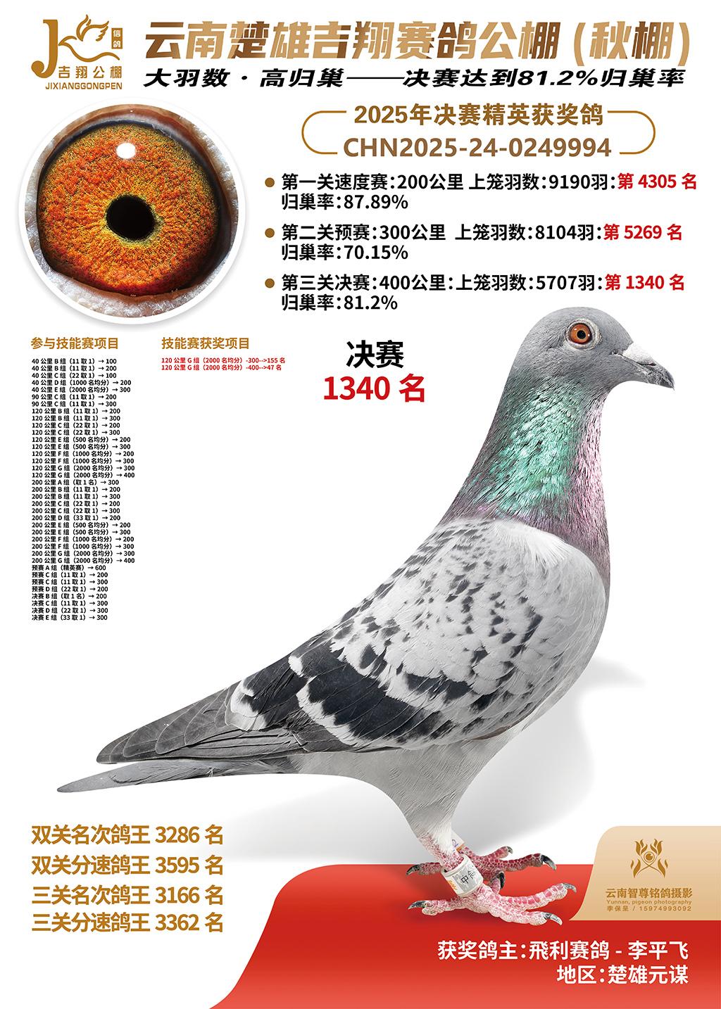 | 鸽主姓名 | 飛利赛鸽-李平飞 |
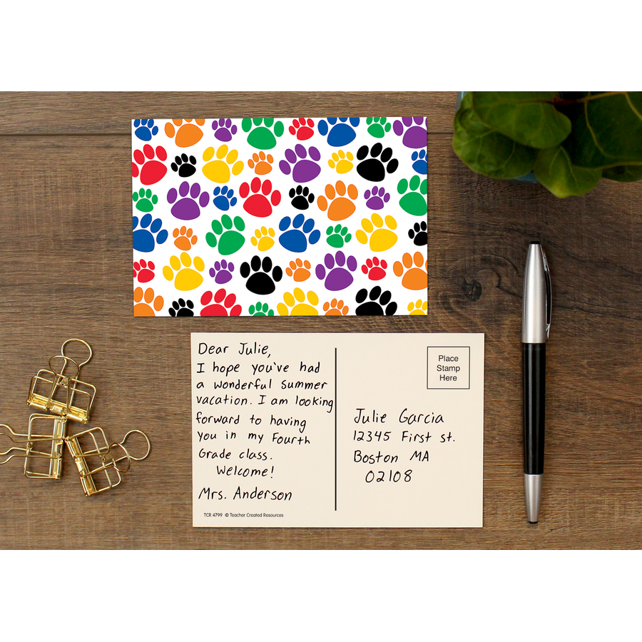 Reaching out to your students becomes simple and inexpensive with these paw print postcards. Drop the personalized notes in the mail or hand-deliver the postcards to your students in the classroom. Postcards are printed on heavy paper. 4" x 6". 30 per pack.
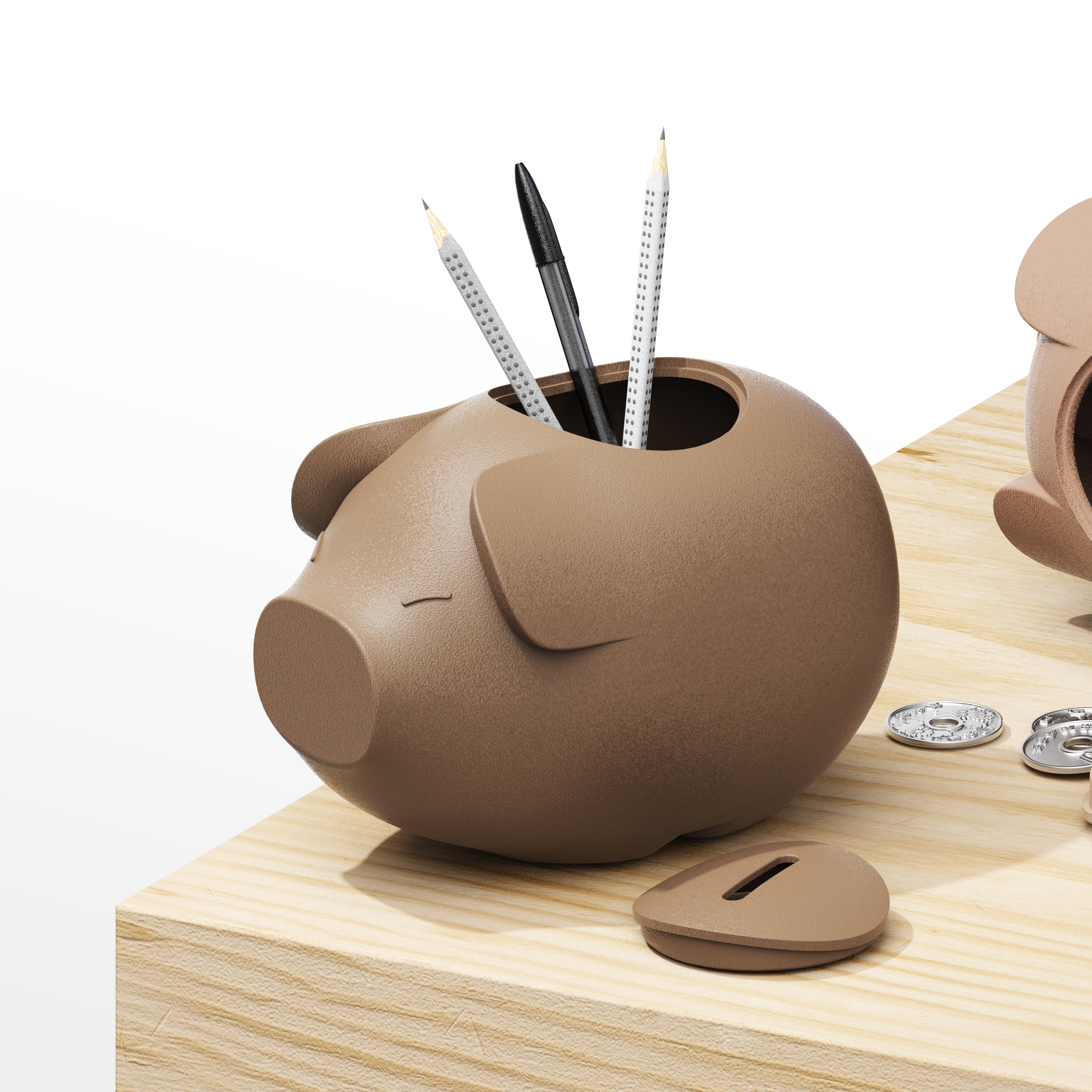 加大的寬口上蓋可打開,除了存錢之外,還可作為筆筒等多種收納功能使用。

########################################

## What you are asked to do
Copy out the full material exactly. Pictures should not appear in it.

## Answer to the problem
 | 鸽主姓名 | 飛利赛鸽-李平飞 |
 Reaching out to your students becomes simple and inexpensive with these paw print postcards. Drop the personalized notes in the mail or hand-deliver the postcards to your students in the classroom. Postcards are printed on heavy paper. 4" x 6". 30 per pack.
 加大的寬口上蓋可打開,除了存錢之外,還可作為筆筒等多種收納功能使用。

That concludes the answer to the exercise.